● **WORK ORDER**: Quote word for word from the line holding "SERANG – Kawal" to the last line below, including both, and omit any pictures.

● **DATA TO EXAMINE**:
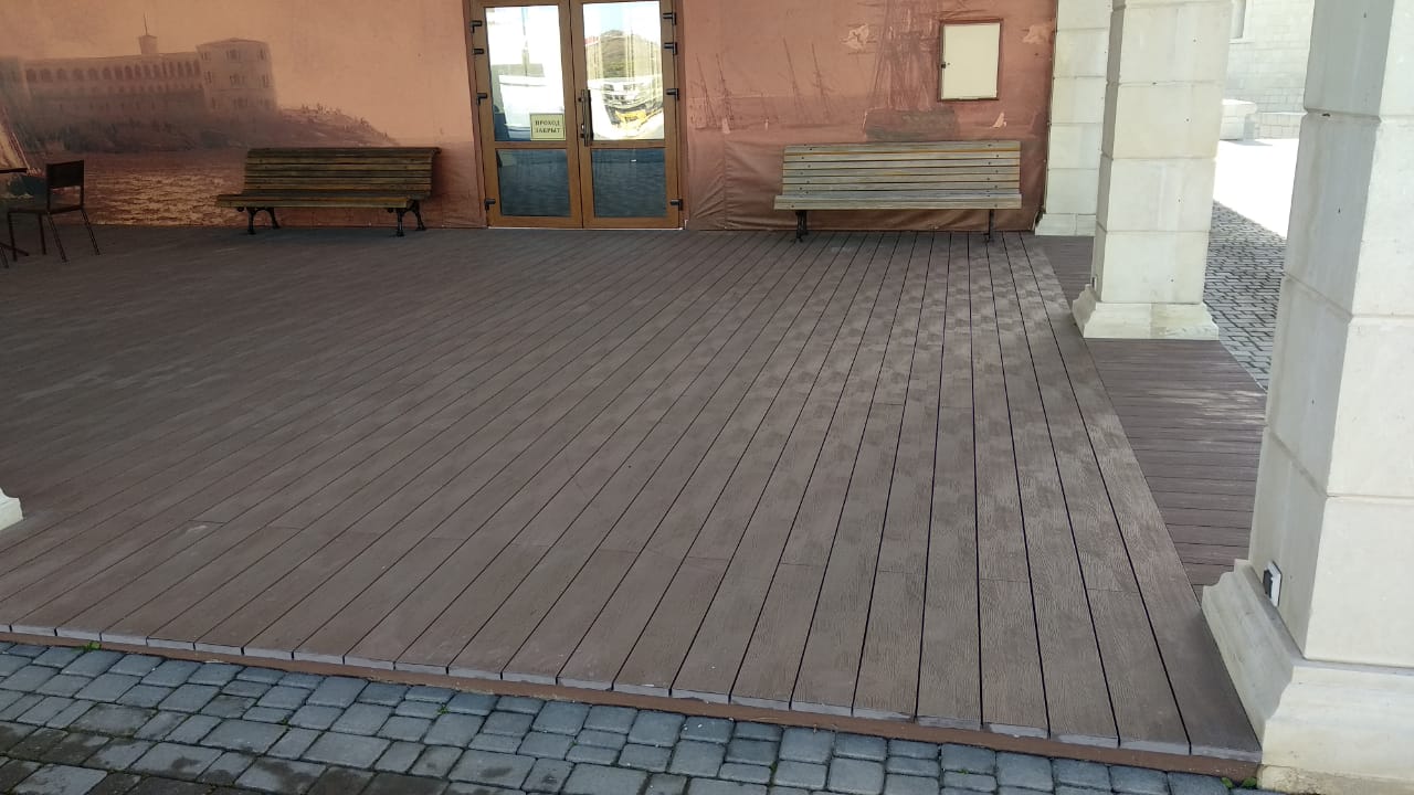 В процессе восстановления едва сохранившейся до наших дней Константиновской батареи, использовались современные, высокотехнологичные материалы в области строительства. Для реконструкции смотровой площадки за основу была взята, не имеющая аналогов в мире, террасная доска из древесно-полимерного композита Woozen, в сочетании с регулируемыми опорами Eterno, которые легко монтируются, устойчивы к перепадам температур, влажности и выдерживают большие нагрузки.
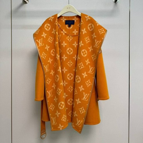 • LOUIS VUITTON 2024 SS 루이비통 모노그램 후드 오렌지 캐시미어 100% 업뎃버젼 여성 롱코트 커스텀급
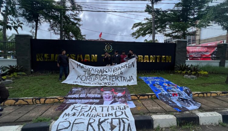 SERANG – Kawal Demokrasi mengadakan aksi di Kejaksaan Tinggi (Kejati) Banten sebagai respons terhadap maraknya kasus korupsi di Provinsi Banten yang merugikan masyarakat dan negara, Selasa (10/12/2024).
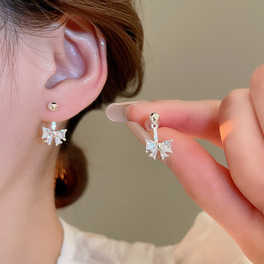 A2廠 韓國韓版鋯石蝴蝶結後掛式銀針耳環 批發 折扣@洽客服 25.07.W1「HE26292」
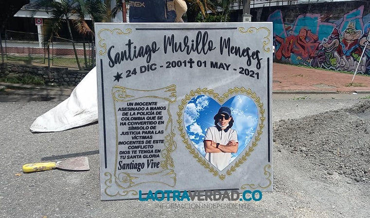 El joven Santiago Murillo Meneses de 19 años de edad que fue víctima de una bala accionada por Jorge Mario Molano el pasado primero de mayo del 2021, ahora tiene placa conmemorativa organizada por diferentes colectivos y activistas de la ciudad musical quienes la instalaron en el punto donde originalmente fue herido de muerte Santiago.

● **SOLUTION TO THIS EXERCISE**:
 SERANG – Kawal Demokrasi mengadakan aksi di Kejaksaan Tinggi (Kejati) Banten sebagai respons terhadap maraknya kasus korupsi di Provinsi Banten yang merugikan masyarakat dan negara, Selasa (10/12/2024).
 A2廠 韓國韓版鋯石蝴蝶結後掛式銀針耳環 批發 折扣@洽客服 25.07.W1「HE26292」
 El joven Santiago Murillo Meneses de 19 años de edad que fue víctima de una bala accionada por Jorge Mario Molano el pasado primero de mayo del 2021, ahora tiene placa conmemorativa organizada por diferentes colectivos y activistas de la ciudad musical quienes la instalaron en el punto donde originalmente fue herido de muerte Santiago.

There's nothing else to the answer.